OWNER’S AGREEMENT TO PAY PORTION OF
SALE PROCEEDS TO CONDOMINIUM HELD VALID
In many condominiums, the Declaration and By-Laws require that if an owner wishes to sell his or her unit, the Condominium has a right of first refusal to acquire the unit on the same terms offered by the purchaser. In a recent case, a Condominium Board and an owner entered into a contract under which the Board agreed to surrender its right of first refusal in return for the owner’s agreement to turn over 7.5% of the purchase price to the Condominium. The owner’s later attempt to have this agreement declared invalid was rejected in Raimondi v. Board of Managers of Olympic Tower Condominium, 2008 WL 2369745, 2008 N.Y. Slip Op. 5378 (1st Dep’t June 12, 2008). The court held that entering into such an agreement was well within the Condominium Board’s authority under the By-Laws and the business judgment rule. The contract “did not constitute an unreasonable restraint on [the owner’s] ability to sell the unit,” and “the record [was] devoid of evidence ... to support his allegation that he was compelled” to sign it.
COURT DECISION ORDERING COOPERATIVE BOARD TO
APPROVE SALE OF APARTMENT TO DISABLED PERSON AFFIRMED
We previously reported on an unusual case in which a Manhattan judge directed a cooperative board to approve the sale of an apartment. (Please see the January 2006 and July 2007 issues of this Client Advisory.) The board had initially approved the sale, but rescinded its approval after the would-be purchaser requested permission to install a washer-dryer in the unit as an accommodation to the purchaser’s disabling illness. The trial court found that the rescission of the approval for this reason violated federal, state, and city anti-discrimination laws and ordered that the Board reinstate its approval of the sale.
On appeal, the Appellate Division affirmed the trial court’s decision. Hirschmann v. Hassapoyannes, 2008 WL 2246141, 2008 N.Y. Slip Op. 4927 (1st Dep’t June 3, 2008). The appeals court held that “by law, buyer was not required to disclose, and the co-op was not permitted to inquire into, buyer’s disability, and consequent need for a reasonable accommodation, at the interview, or indeed at any time prior to its decision on the application.” Therefore, there was no merit to the Board’s contention that the buyer had sought to mislead it by requesting permission to install the washer-dryer only after the sale had been approved. The appeals court concluded that “[w]hile a cooperative board has the responsibility to protect shareholders from potential or existing shareholders who might harm the shareholders’ and the co-op’s interests, here, the co-op entirely failed to present a nondiscriminatory reason for revoking its approval of the buyer.”
PROPERTY OWNERS AND MANAGERS SHOULD ENSURE
THAT ALL OPEN FIRE CODE VIOLATIONS ARE RESOLVED
The New York City Fire Department is engaged in a campaign to address outstanding Fire Code violations against buildings throughout the City.

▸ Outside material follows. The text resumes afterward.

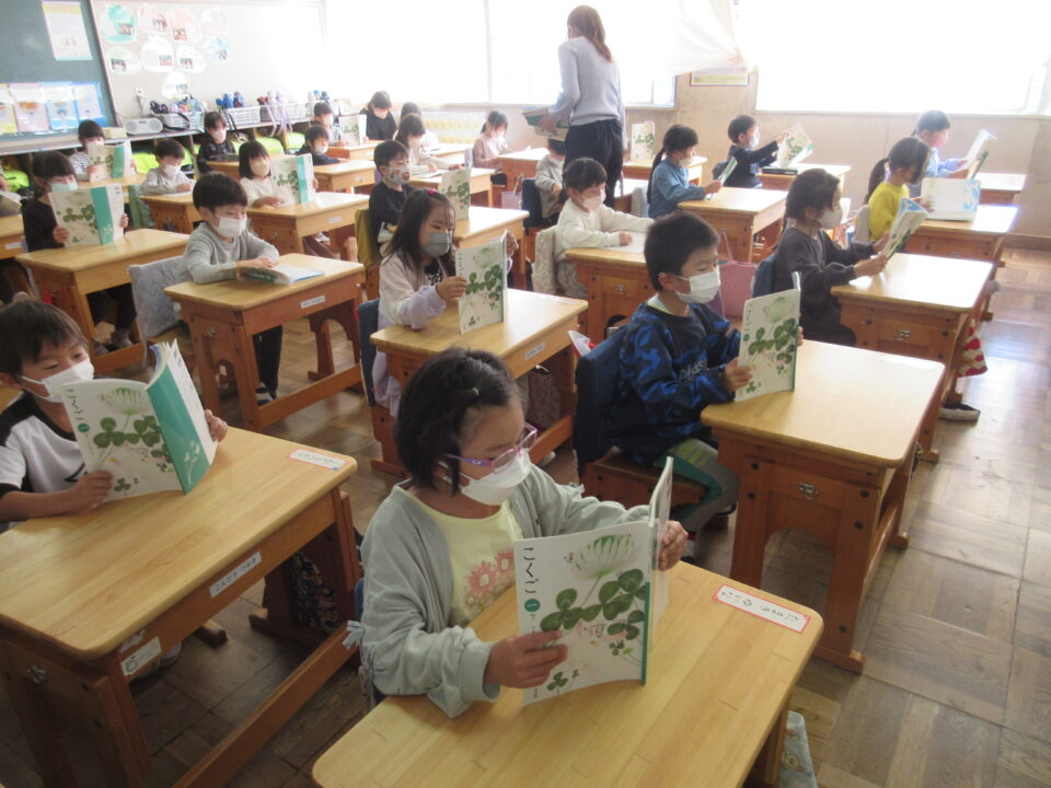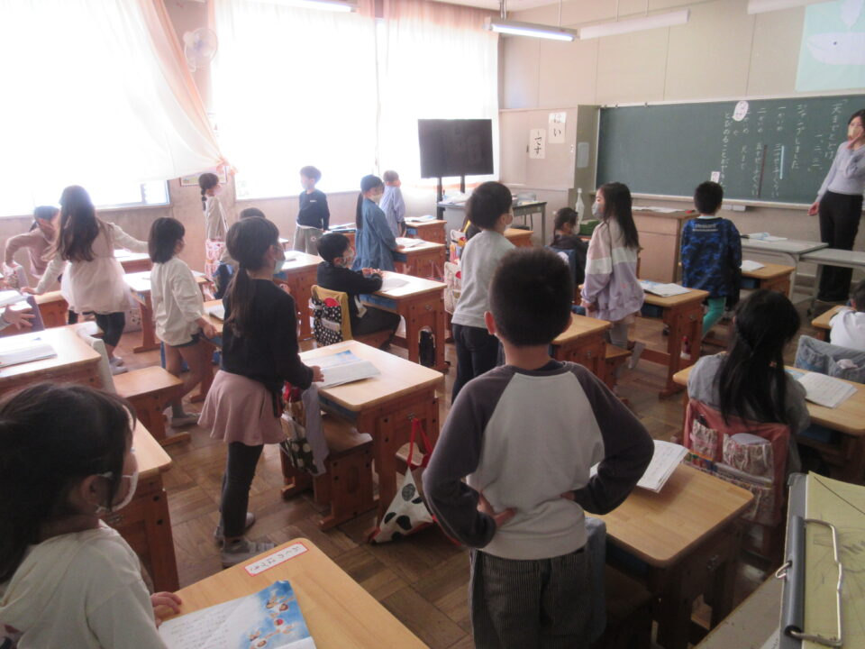1年生。国語の時間の「くじらぐも」の学習です。公開授業とし職員が参観をしました。子どもたちだけでなく、職員同士も学び合う時間です。子どもたちの考えを深めるため、授業の中に動作化を取り入れます。先生からの「どうしてとびのることができたのだろう?」という発問に、一人ひとりが自分で考えたことをしっかりと発表していました。
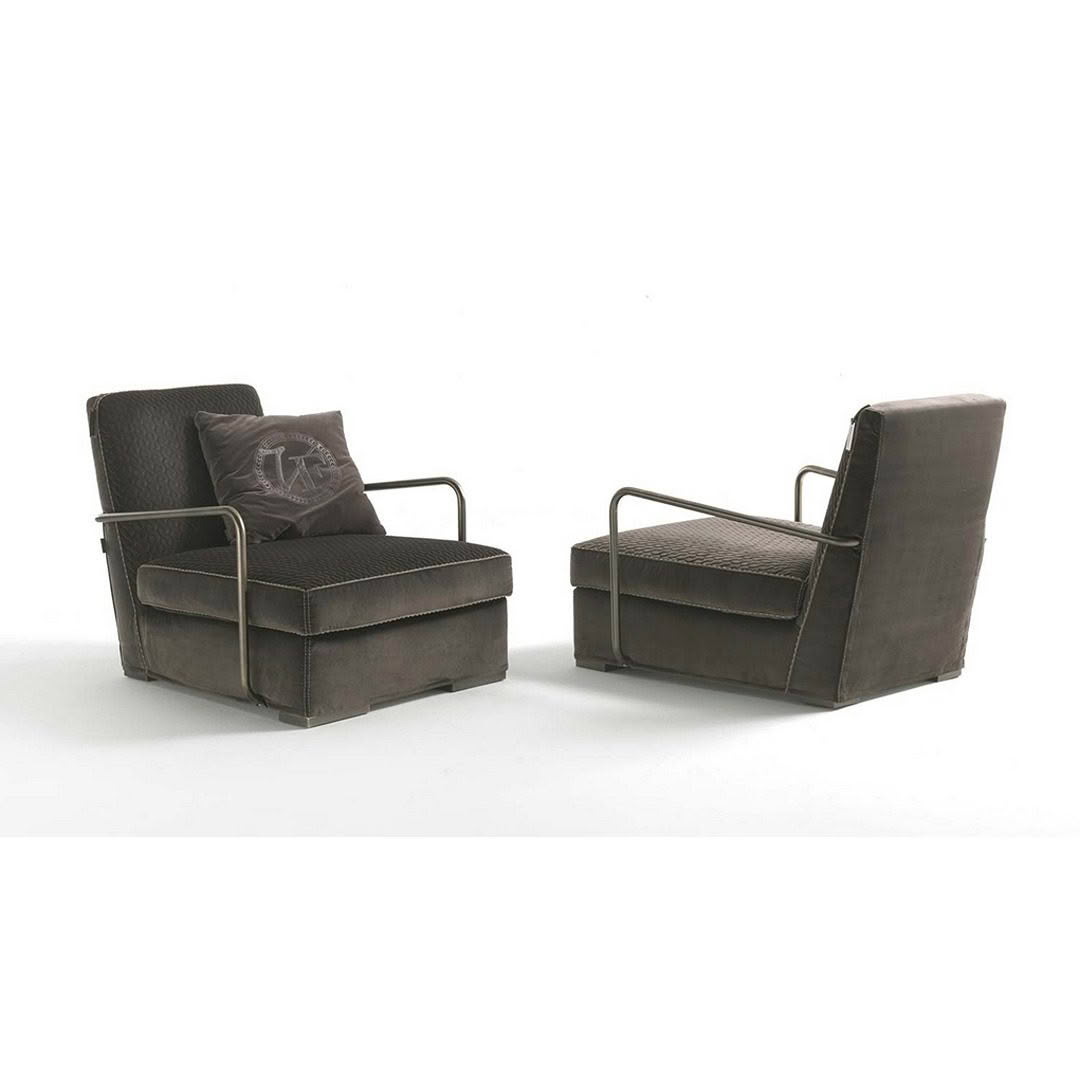 Comfortable seats and soft forms create an interesting contrast with the metal arms and the minimalist design

There have been press reports of property owners and managers suddenly being arrested and taken into custody on criminal charges for failure to respond to Fire Code violations, some more than ten years old. Those who own or manage real property should ensure that there are no open Fire Code violations against their buildings, or if there are, that they are addressed immediately.